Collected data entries
BEGIN

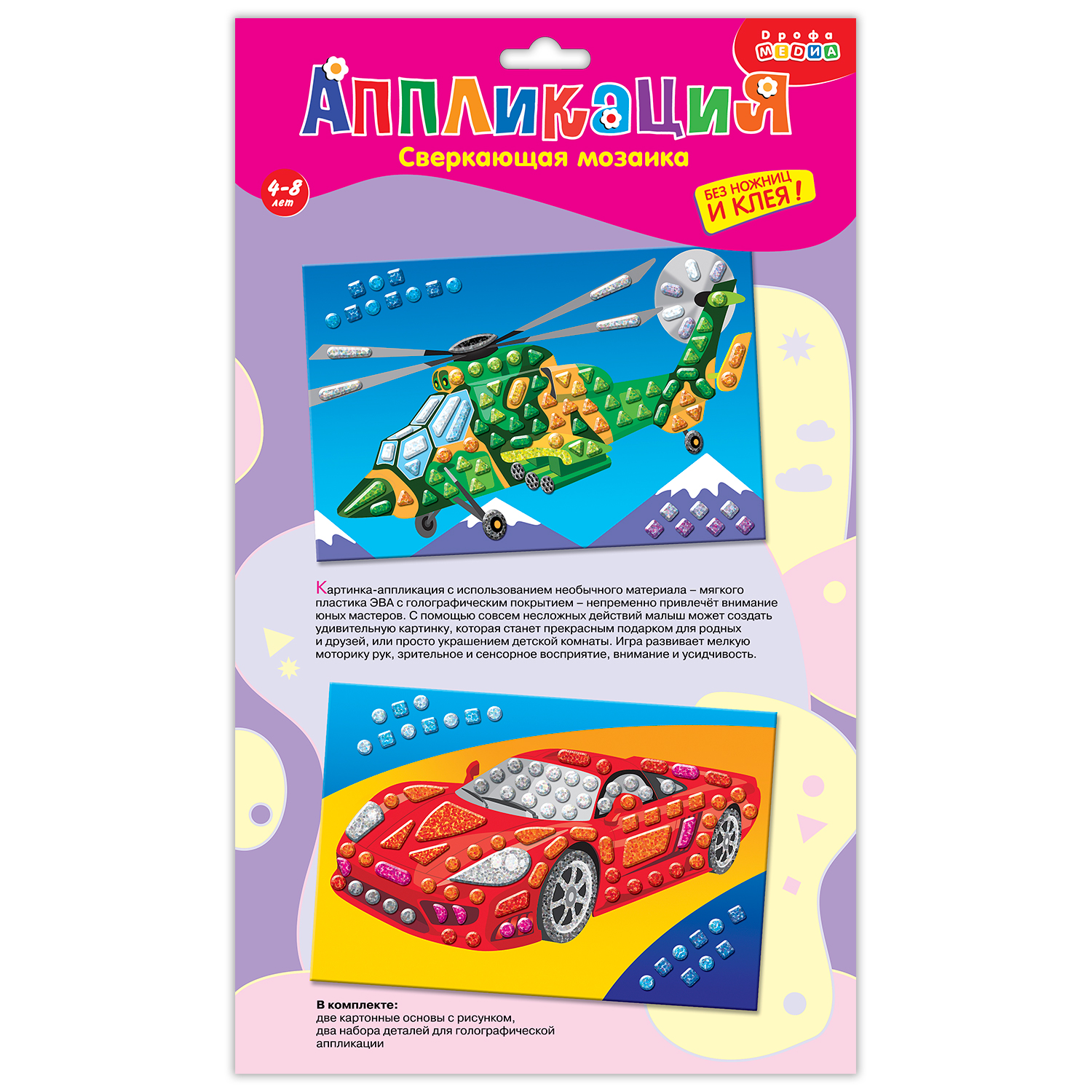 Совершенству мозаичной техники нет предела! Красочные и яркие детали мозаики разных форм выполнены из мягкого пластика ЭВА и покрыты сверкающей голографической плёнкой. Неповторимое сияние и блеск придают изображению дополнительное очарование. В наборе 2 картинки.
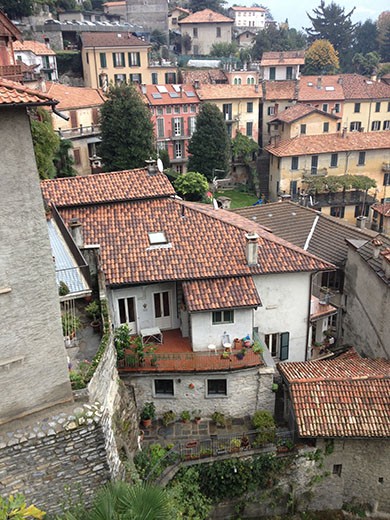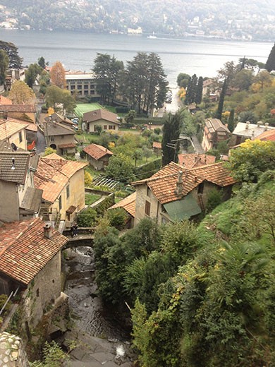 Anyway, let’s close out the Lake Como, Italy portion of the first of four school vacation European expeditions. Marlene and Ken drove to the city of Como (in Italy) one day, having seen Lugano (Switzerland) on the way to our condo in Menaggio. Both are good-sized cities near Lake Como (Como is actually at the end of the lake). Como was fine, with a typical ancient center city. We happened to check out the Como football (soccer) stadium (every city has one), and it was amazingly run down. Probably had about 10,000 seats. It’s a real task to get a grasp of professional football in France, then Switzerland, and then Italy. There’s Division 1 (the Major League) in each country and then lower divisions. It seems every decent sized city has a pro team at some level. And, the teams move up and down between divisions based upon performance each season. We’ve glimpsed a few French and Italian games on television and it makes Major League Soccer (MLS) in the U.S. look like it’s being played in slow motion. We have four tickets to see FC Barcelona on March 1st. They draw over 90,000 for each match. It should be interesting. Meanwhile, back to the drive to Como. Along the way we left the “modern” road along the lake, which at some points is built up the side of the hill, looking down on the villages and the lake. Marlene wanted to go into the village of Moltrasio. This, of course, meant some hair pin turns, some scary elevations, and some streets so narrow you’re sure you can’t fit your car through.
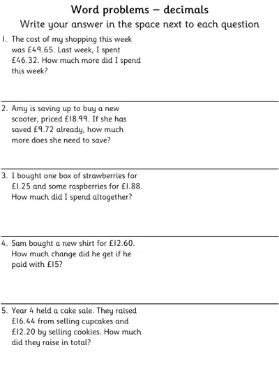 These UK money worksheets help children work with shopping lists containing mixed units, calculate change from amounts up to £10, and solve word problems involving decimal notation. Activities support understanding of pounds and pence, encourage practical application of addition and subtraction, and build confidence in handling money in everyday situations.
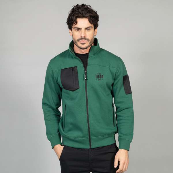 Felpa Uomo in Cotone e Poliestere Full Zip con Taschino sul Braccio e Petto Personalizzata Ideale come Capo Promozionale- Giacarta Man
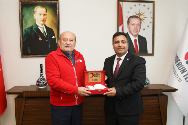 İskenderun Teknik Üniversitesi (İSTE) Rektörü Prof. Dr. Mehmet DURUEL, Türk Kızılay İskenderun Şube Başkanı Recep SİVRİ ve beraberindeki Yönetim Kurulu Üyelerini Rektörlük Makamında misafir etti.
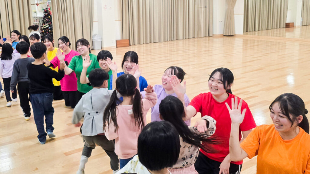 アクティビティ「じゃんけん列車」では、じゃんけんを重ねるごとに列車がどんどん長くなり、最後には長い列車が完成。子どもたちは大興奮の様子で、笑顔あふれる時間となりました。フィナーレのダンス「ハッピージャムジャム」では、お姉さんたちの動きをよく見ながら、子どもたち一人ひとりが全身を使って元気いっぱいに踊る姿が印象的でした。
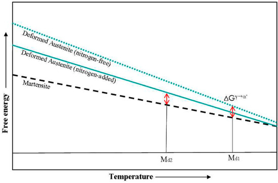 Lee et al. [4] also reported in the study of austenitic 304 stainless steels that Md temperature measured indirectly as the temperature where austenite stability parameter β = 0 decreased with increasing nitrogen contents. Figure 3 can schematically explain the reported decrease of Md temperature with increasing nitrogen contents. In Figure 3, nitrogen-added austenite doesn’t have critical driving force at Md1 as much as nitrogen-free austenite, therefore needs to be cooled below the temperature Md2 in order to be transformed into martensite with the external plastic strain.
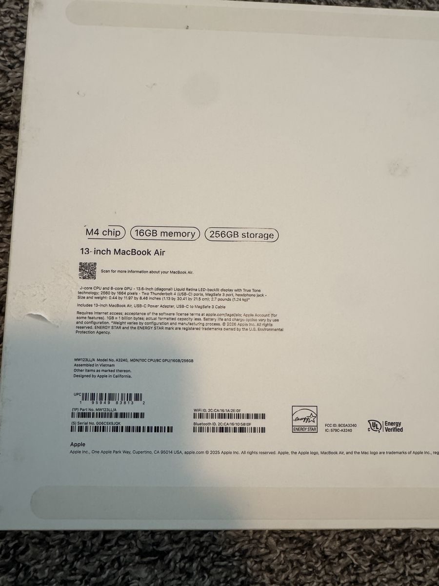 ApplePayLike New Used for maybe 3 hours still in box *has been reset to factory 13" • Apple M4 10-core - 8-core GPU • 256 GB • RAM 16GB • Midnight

END

**Work order:**
Return the records above in their entirety, word for word, with the pictures removed.

**Result of this task:**
 Совершенству мозаичной техники нет предела! Красочные и яркие детали мозаики разных форм выполнены из мягкого пластика ЭВА и покрыты сверкающей голографической плёнкой. Неповторимое сияние и блеск придают изображению дополнительное очарование. В наборе 2 картинки.
 Anyway, let’s close out the Lake Como, Italy portion of the first of four school vacation European expeditions. Marlene and Ken drove to the city of Como (in Italy) one day, having seen Lugano (Switzerland) on the way to our condo in Menaggio. Both are good-sized cities near Lake Como (Como is actually at the end of the lake). Como was fine, with a typical ancient center city. We happened to check out the Como football (soccer) stadium (every city has one), and it was amazingly run down. Probably had about 10,000 seats. It’s a real task to get a grasp of professional football in France, then Switzerland, and then Italy. There’s Division 1 (the Major League) in each country and then lower divisions. It seems every decent sized city has a pro team at some level. And, the teams move up and down between divisions based upon performance each season. We’ve glimpsed a few French and Italian games on television and it makes Major League Soccer (MLS) in the U.S. look like it’s being played in slow motion. We have four tickets to see FC Barcelona on March 1st. They draw over 90,000 for each match. It should be interesting. Meanwhile, back to the drive to Como. Along the way we left the “modern” road along the lake, which at some points is built up the side of the hill, looking down on the villages and the lake. Marlene wanted to go into the village of Moltrasio. This, of course, meant some hair pin turns, some scary elevations, and some streets so narrow you’re sure you can’t fit your car through.
 These UK money worksheets help children work with shopping lists containing mixed units, calculate change from amounts up to £10, and solve word problems involving decimal notation. Activities support understanding of pounds and pence, encourage practical application of addition and subtraction, and build confidence in handling money in everyday situations.
 Felpa Uomo in Cotone e Poliestere Full Zip con Taschino sul Braccio e Petto Personalizzata Ideale come Capo Promozionale- Giacarta Man
 İskenderun Teknik Üniversitesi (İSTE) Rektörü Prof. Dr. Mehmet DURUEL, Türk Kızılay İskenderun Şube Başkanı Recep SİVRİ ve beraberindeki Yönetim Kurulu Üyelerini Rektörlük Makamında misafir etti.
 アクティビティ「じゃんけん列車」では、じゃんけんを重ねるごとに列車がどんどん長くなり、最後には長い列車が完成。子どもたちは大興奮の様子で、笑顔あふれる時間となりました。フィナーレのダンス「ハッピージャムジャム」では、お姉さんたちの動きをよく見ながら、子どもたち一人ひとりが全身を使って元気いっぱいに踊る姿が印象的でした。
 Lee et al. [4] also reported in the study of austenitic 304 stainless steels that Md temperature measured indirectly as the temperature where austenite stability parameter β = 0 decreased with increasing nitrogen contents. Figure 3 can schematically explain the reported decrease of Md temperature with increasing nitrogen contents. In Figure 3, nitrogen-added austenite doesn’t have critical driving force at Md1 as much as nitrogen-free austenite, therefore needs to be cooled below the temperature Md2 in order to be transformed into martensite with the external plastic strain.
 ApplePayLike New Used for maybe 3 hours still in box *has been reset to factory 13" • Apple M4 10-core - 8-core GPU • 256 GB • RAM 16GB • Midnight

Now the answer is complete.